## YOUR INSTRUCTIONS
Please repeat exactly the lines from the one containing "Step 5:- In" to the end of the entries below, both included, and omit all pictures.

______

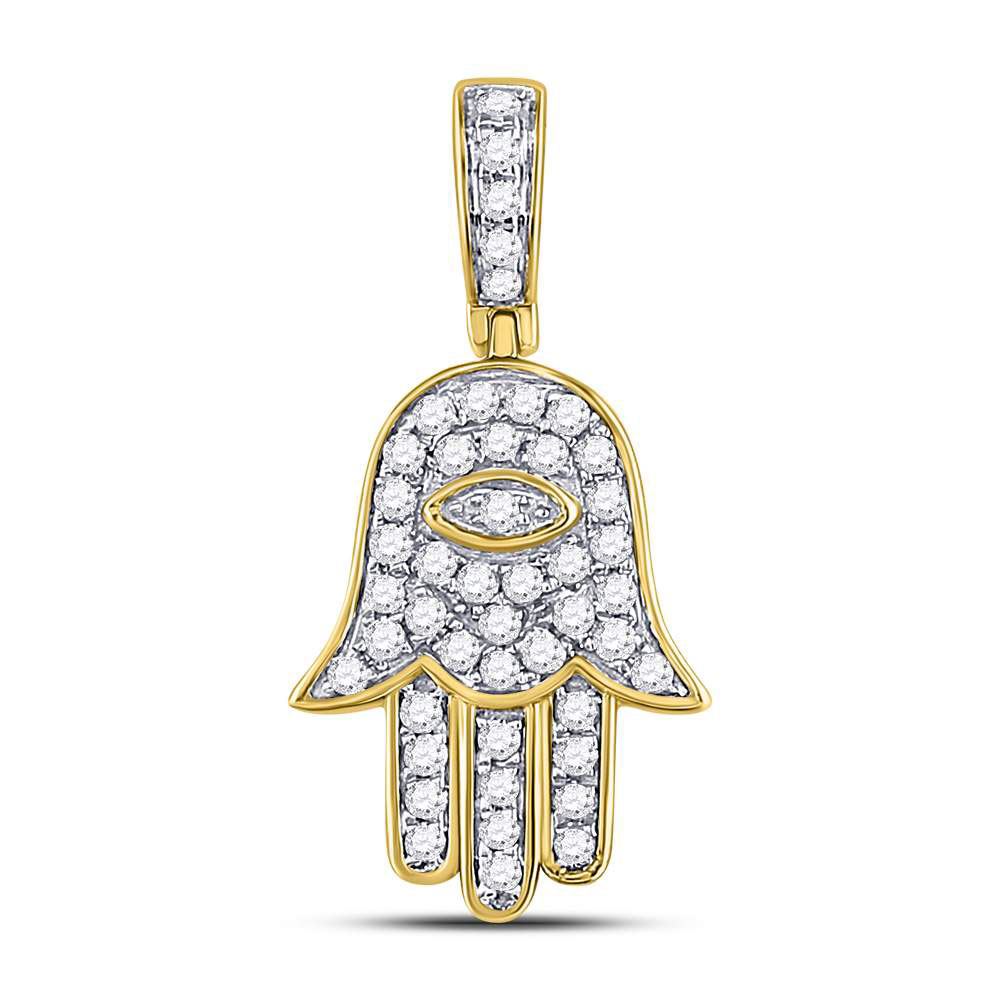 10kt Yellow Gold Mens Round Diamond Hamsa Eye Fatima Charm Pendant 1/4 Cttw
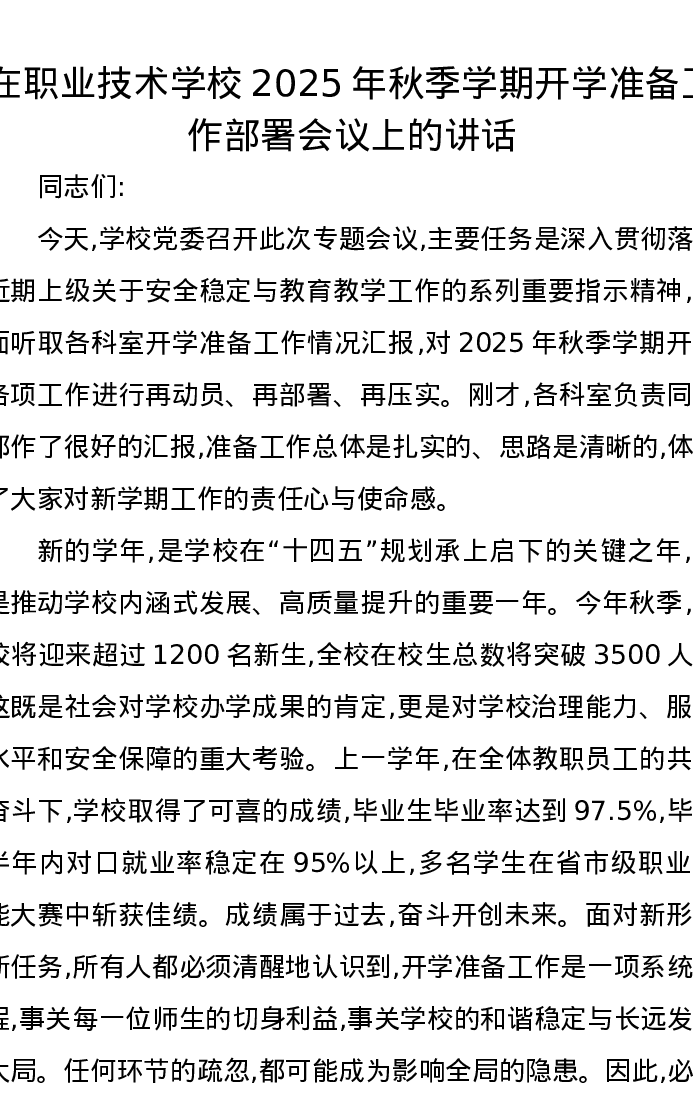 在职业技术学校2025年秋季学期开学准备工作部署会议上的讲话
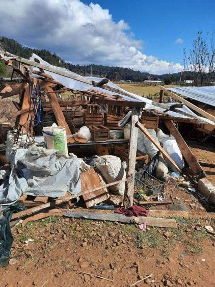 Por lo que el líder evangélico explicó que son dos familias de indígenas tzotziles los afectados con la destrucción de las cinco casas.
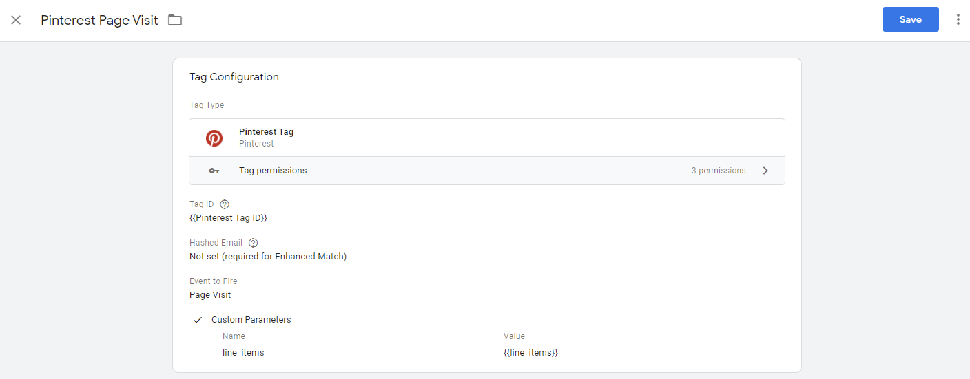 Step 5:- In Tag Id enter the Pinterest Tag ID or you can also store this ID in a variable with type constant. Simply enter the variable name here.
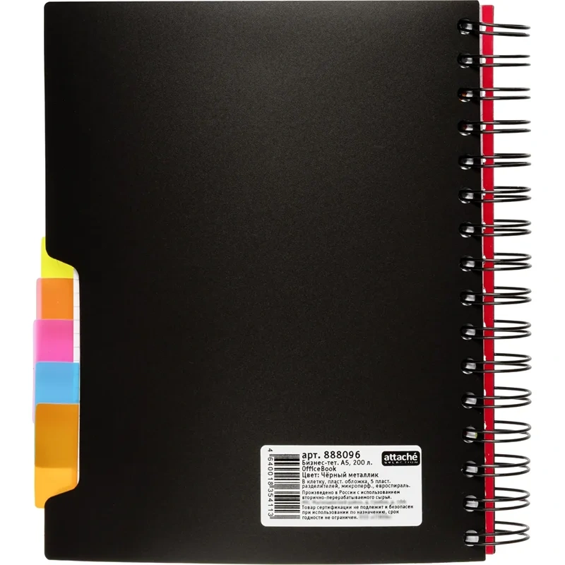 Бизнес тетрадь Attache Office book черный, А5, 200 листов, в клетку, на спирали
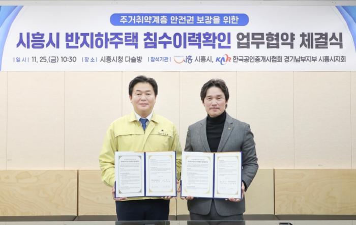 이 날 협약에 따라 ‘한국공인중개사협회 시흥지회’는 중개가 의뢰된 반지하주택에 한해 시에 침수이력확인을 요청하고, 시흥시는 의뢰된 주택의 침수 이력정보를 제공한다.
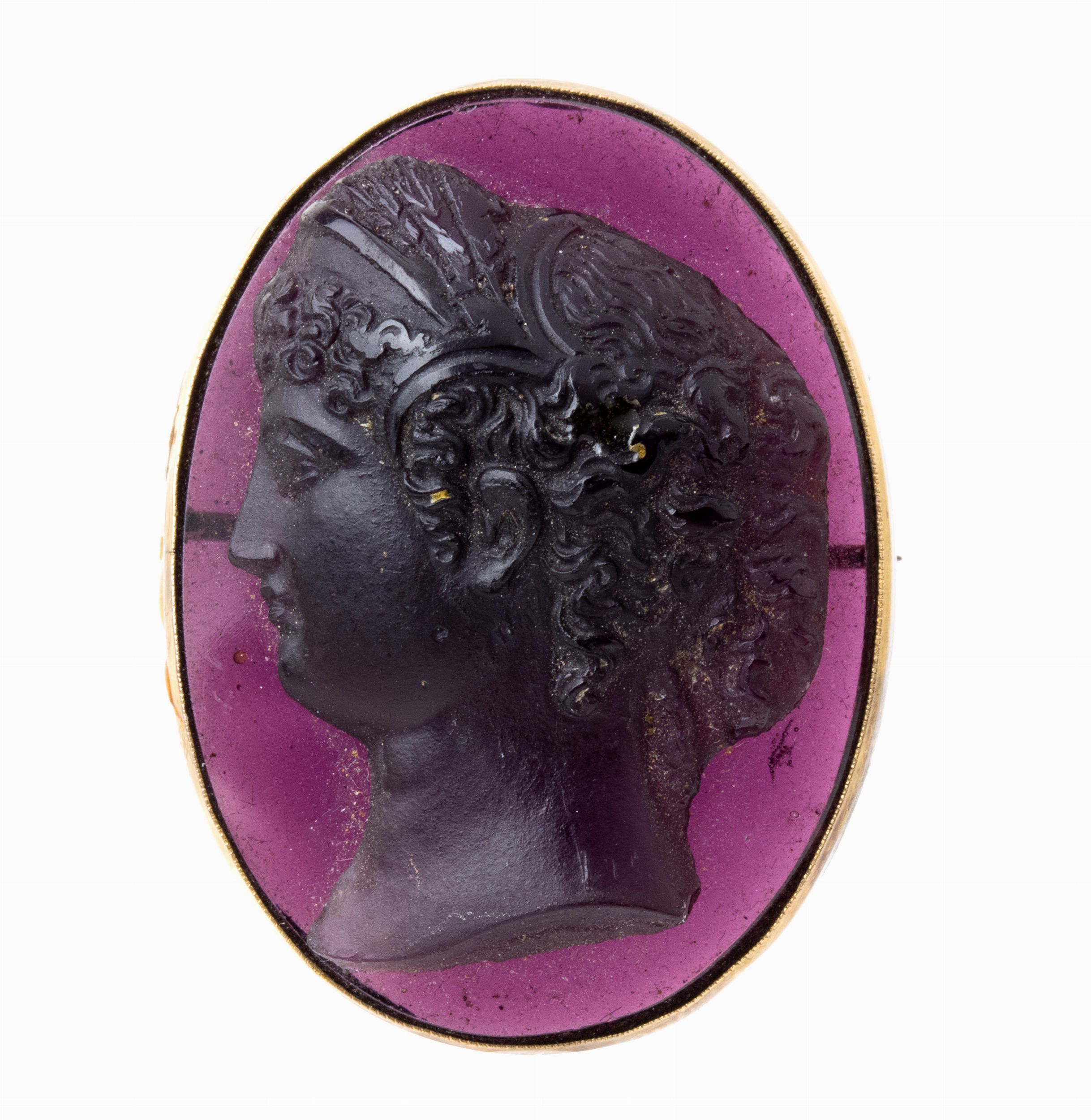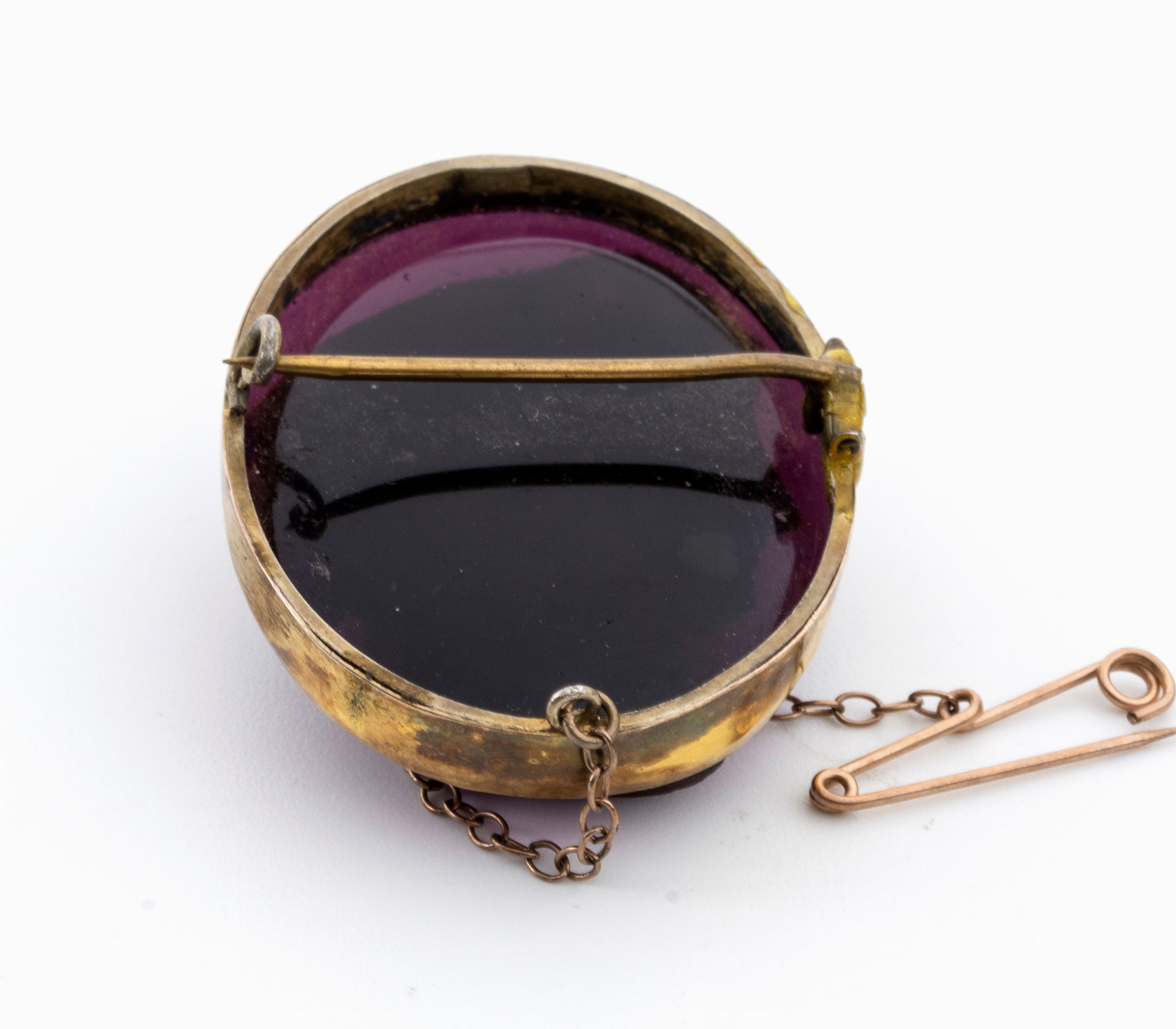 spilla ovale in oro incastonata con un cammeo in pasta vitrea viola, raffigurante il profilo del volto di una donna.Dimensioni 4,3 x 3,2 cm. Peso 22 gr.Stato di conservazione: **** buono.
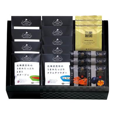 北海道昆布うまみたっぷり(たまねぎスープ×3・じゃがいもポタージュ・コーンポタージュ・とまとポタージュ・クラムチャウダー・えびビスク・かにビスク)・極だし6g×3・ふりかけ(かに海苔・うに海苔)2g×各3 【卵・乳成分・小麦・えび・かに】
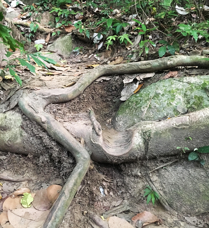 19. Піднімаючись до водоспаду, люди постійно наступали на одне і те ж місце, і в результаті в корені утворилася виїмка

______

## SOLUTION
 Step 5:- In Tag Id enter the Pinterest Tag ID or you can also store this ID in a variable with type constant. Simply enter the variable name here.
 Бизнес тетрадь Attache Office book черный, А5, 200 листов, в клетку, на спирали
 이 날 협약에 따라 ‘한국공인중개사협회 시흥지회’는 중개가 의뢰된 반지하주택에 한해 시에 침수이력확인을 요청하고, 시흥시는 의뢰된 주택의 침수 이력정보를 제공한다.
 spilla ovale in oro incastonata con un cammeo in pasta vitrea viola, raffigurante il profilo del volto di una donna.Dimensioni 4,3 x 3,2 cm. Peso 22 gr.Stato di conservazione: **** buono.
 北海道昆布うまみたっぷり(たまねぎスープ×3・じゃがいもポタージュ・コーンポタージュ・とまとポタージュ・クラムチャウダー・えびビスク・かにビスク)・極だし6g×3・ふりかけ(かに海苔・うに海苔)2g×各3 【卵・乳成分・小麦・えび・かに】
 19. Піднімаючись до водоспаду, люди постійно наступали на одне і те ж місце, і в результаті в корені утворилася виїмка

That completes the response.